--- Entries shown ---

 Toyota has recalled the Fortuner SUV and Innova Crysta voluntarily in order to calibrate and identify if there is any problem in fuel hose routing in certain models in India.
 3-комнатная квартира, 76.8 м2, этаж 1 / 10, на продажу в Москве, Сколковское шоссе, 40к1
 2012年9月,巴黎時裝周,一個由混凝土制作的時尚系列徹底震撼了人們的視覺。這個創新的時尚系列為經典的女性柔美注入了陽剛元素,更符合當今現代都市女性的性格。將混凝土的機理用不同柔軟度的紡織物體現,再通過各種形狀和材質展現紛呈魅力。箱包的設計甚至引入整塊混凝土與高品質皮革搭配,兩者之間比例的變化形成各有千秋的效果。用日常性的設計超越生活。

---
--- Entries shown ---

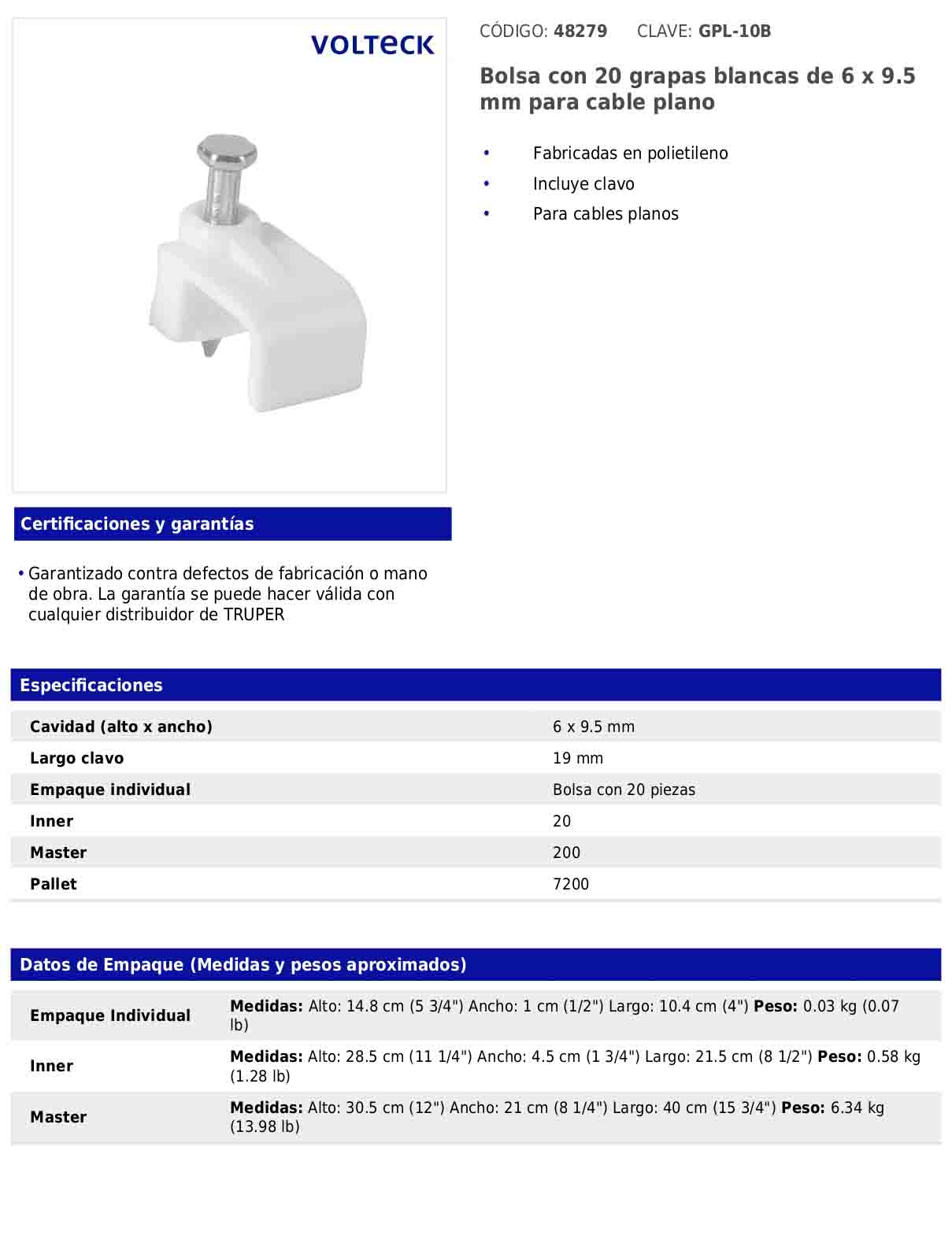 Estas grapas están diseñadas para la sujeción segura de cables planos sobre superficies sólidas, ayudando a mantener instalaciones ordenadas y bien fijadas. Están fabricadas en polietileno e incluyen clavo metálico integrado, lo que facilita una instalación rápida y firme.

---

◆ **Required work**: The required output is every line above from the one with "3-комнатная квартира, 76.8" down to the one with "2012年9月,巴黎時裝周,一個由混凝土", restated word for word, ends included.

◆ **Result of the task**:
 3-комнатная квартира, 76.8 м2, этаж 1 / 10, на продажу в Москве, Сколковское шоссе, 40к1
 2012年9月,巴黎時裝周,一個由混凝土制作的時尚系列徹底震撼了人們的視覺。這個創新的時尚系列為經典的女性柔美注入了陽剛元素,更符合當今現代都市女性的性格。將混凝土的機理用不同柔軟度的紡織物體現,再通過各種形狀和材質展現紛呈魅力。箱包的設計甚至引入整塊混凝土與高品質皮革搭配,兩者之間比例的變化形成各有千秋的效果。用日常性的設計超越生活。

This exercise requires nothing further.